Newell and Shah do not explicitly teach a method comprising:
A)  obtaining, for the matched music, user attribute information of users assessing the matched music; and 
B)  obtaining, through screening, similar users whose user attribute information is similar to user attribute information of the user.
C)  obtaining actual music assessing information of the similar users for the matched music; and 
D)  performing mean processing on the actual music assessing information of the similar users for the matched music, to obtain the estimated music assessing information of the user for the matched music.
	Shakirova, however, teaches “obtaining, for the matched music, user attribute information of users assessing the matched music” as “On the basis of users’ history of listening we prepare the matrix of preferences R…which contains information how many times the user u listened to song i… Then the cosine similarity between users u and v is computed by… It is obvious that the cosine similarity measure is a special case of a conditional probability measure” (Page 549), “obtaining, through screening, similar users whose user attribute information is similar to user attribute information of the user” as “On the basis of users’ history of listening we prepare the matrix of preferences R…which contains information how many times the user u listened to song i… Then the cosine similarity between users u and v is computed by… It is obvious that the cosine similarity measure is a special case of a conditional probability measure” (Page 549), “obtaining actual music assessing information of the similar users for the matched music” as “We use simple weighted sum strategy for aggregating the information provided by similar users/items. In the user-based type of recommendation the scoring function is computed by… The score of the item is proportional to the similarities between the target user and other users who have the item in their history of listening. This score is higher for items which are often rated by similar users” (Page 549), and “performing mean processing on the actual music assessing information of the similar users for the matched music, to obtain the estimated music assessing information of the user for the matched music” as “We use simple weighted sum strategy for aggregating the information provided by similar users/items. In the user-based type of recommendation the scoring function is computed by… The score of the item is proportional to the similarities between the target user and other users who have the item in their history of listening. This score is higher for items which are often rated by similar users” (Page 549).

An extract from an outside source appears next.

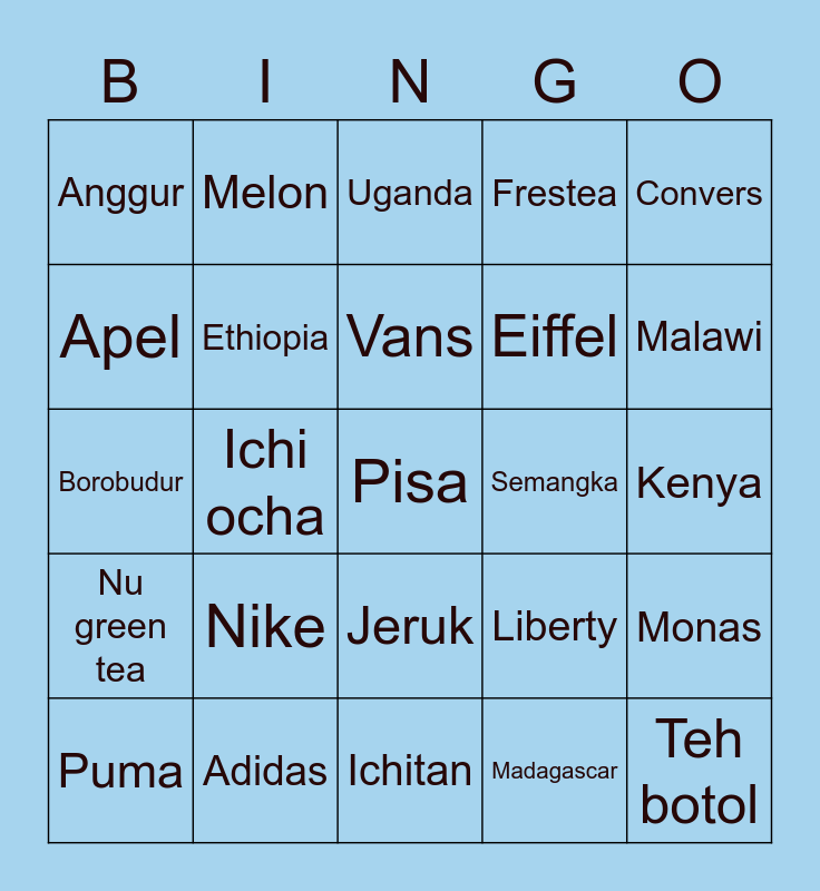 This bingo card has a free space and 24 words: Nike, Adidas, Vans, Puma, Convers, Anggur, Apel, Melon, Semangka, Jeruk, Eiffel, Borobudur, Liberty, Monas, Ethiopia, Madagascar, Kenya, Uganda, Malawi, Ichi ocha, Teh botol, Nu green tea, Frestea and Ichitan.
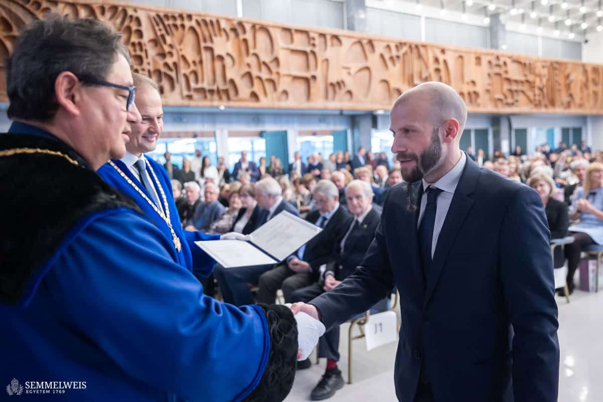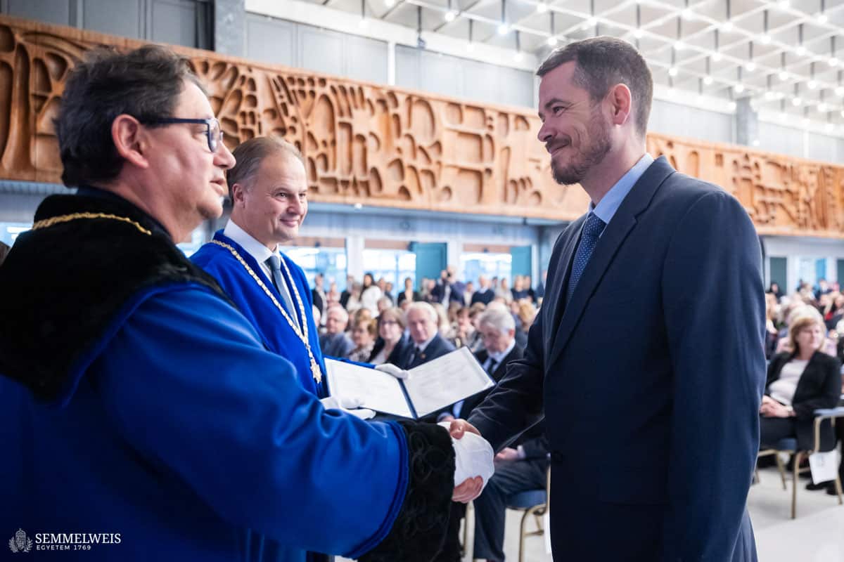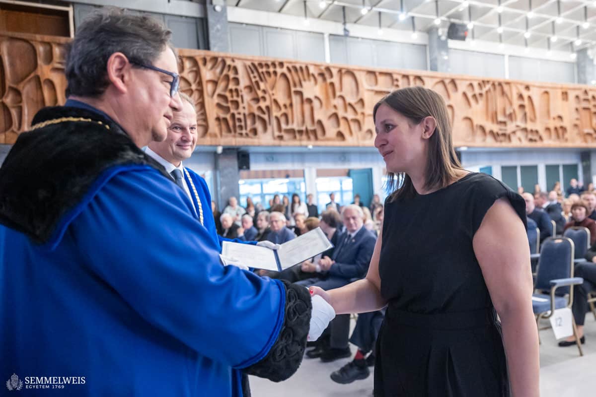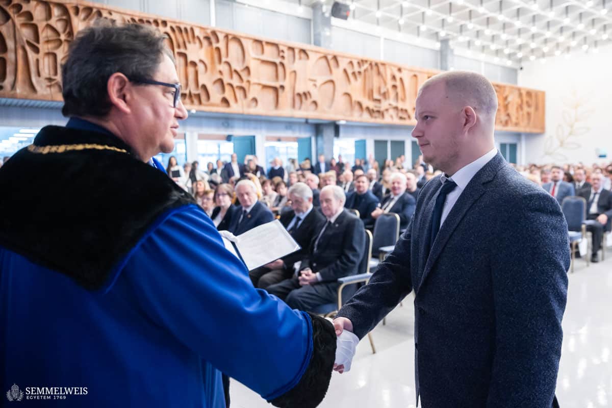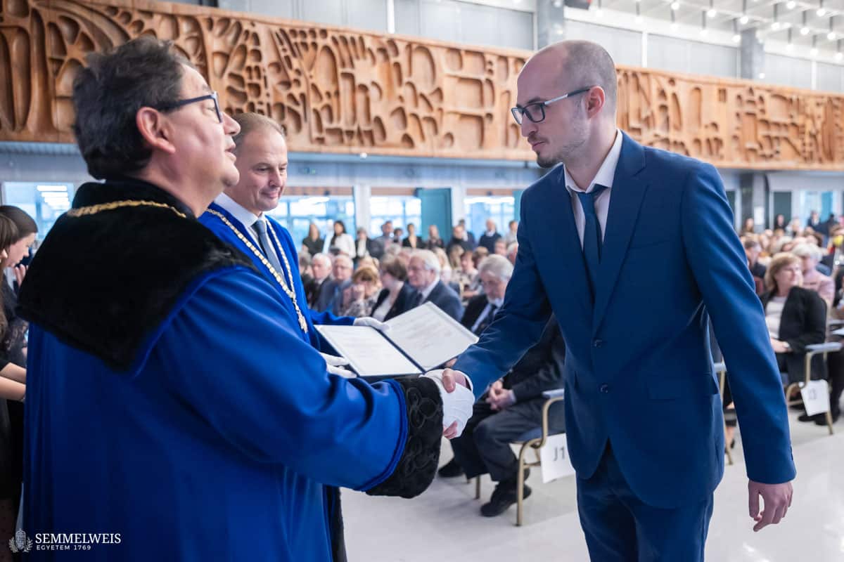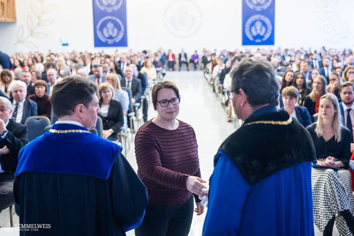 Hangsúlyozta azt is, hogy ehhez szükség van a jövő kutatóira, tudósaira, ezért a Semmelweis Egyetem kiszámítható életpályamodellt kínál mindazoknak, akik készek élni a lehetőséggel. A rektor kiemelte azt is, hogy az egyetem tudományos teljesítményének – például az itteni kutatási eredmények, publikációk nemzetközi idézettségének – növekedésében kulcsfontosságú szerepet játszanak a PhD-hallgatók kutatásai, erőfeszítései is.

	The examiner further notes that although the primary reference of Newell clearly obtains accessing information of other users for music, there is no explicit teaching of the use of “mean processing”.  The secondary reference of Shakirova teaches the concept of using a weighted sum formula (i.e. “mean processing” in the broadest reasonable interpretation).  The combination would result in the use of such processing for the accessing information of the other users of Newell.  Moreover, Shakirova clearly teaches the use of preference information (i.e. the claimed attribute information in the broadest reasonable interpretation) as a basis to find similar users. 

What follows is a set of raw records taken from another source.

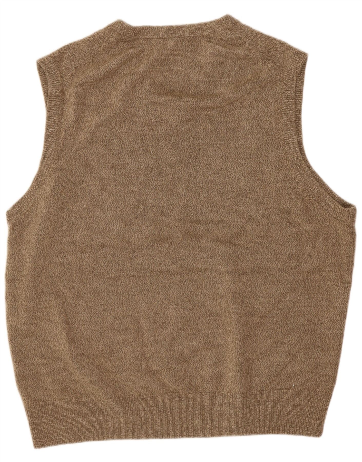 - Descrição da IA: Este colete masculino Dockers é feito de malha 100% acrílica marrom suave. Possui decote em V clássico e corte sem mangas. O design do pulôver oferece fácil desgaste. Um padrão de malha geométrica sutil adiciona textura e interesse visual. O ajuste regular garante um estilo confortável e atemporal.
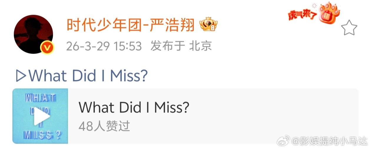 严浩翔分享歌曲不说多,马达三个字:听爽了!!!
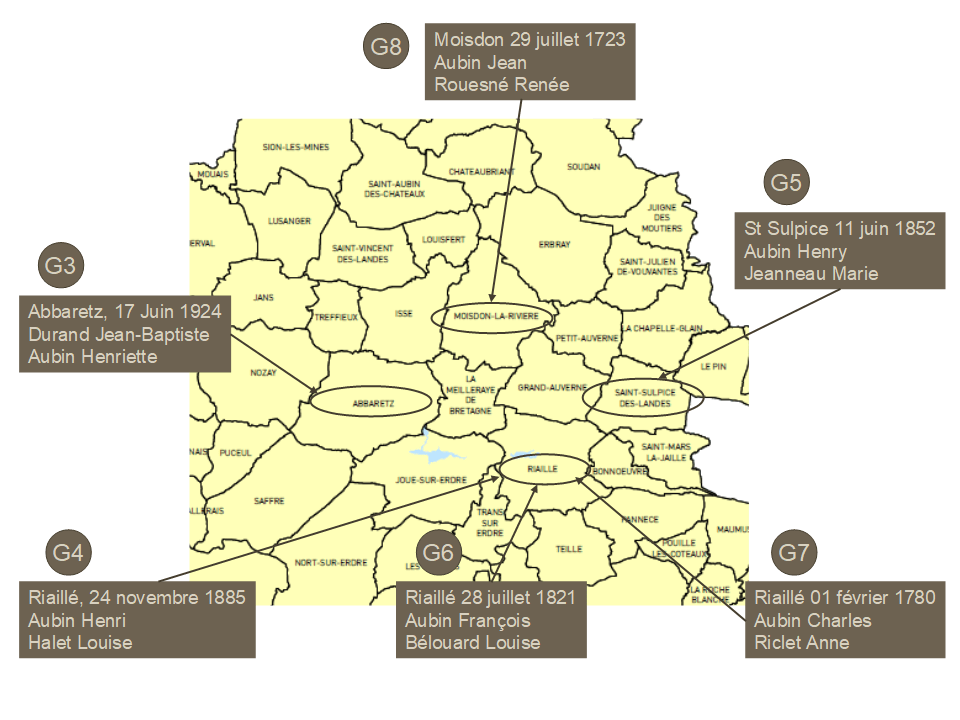 Le plus ancien AUBIN que nous connaissons se prénomme François. Les registres paroissiaux nous disent qu’il est décédé à l’âge de 40 ans le 27 février 1710 au village de la Boulais dans la paroisse de Moisdon où il résidait, et qu’il était marié à Perrine RIAILLÉ. Il était maréchal à la naissance de sa fille Marie en 1699, et laboureur lors du baptême de son autre fille Jacquette en 1704 . Il a vécu à Moisdon, et ses descendants ont vécu à Riaillé.

	It would have been obvious to one of ordinary skill in the art before the effective filing date of instant invention to combine the teachings of the cited references because teaching Shakirova’s would have allowed Newell’s and Shah’s to provide a method for improving the effectiveness of recommender systems, as noted by Shakirova (Page 550).
Allowable Subject Matter
16.	Claims 4 and 19 are objected to as being dependent upon a rejected base claim, but would be allowable if rewritten in independent form including all of the limitations of the base claim and any intervening claims.
	Specifically, although the prior art (See Dunker) teaches the automated generation of soundtracks for slideshows (i.e. image sets) and Shah clearly teaches the parsing of content into frames to determine semantic vectors via the use of trained models, the detailed claim language directed towards the training of a model via the use of tag recognition samples that comprise a sample image and a visual semantic tag vector housing both a score and a semantic tag of the sample image is not found in the prior art, in conjunction with the rest of the limitations of the parent claims.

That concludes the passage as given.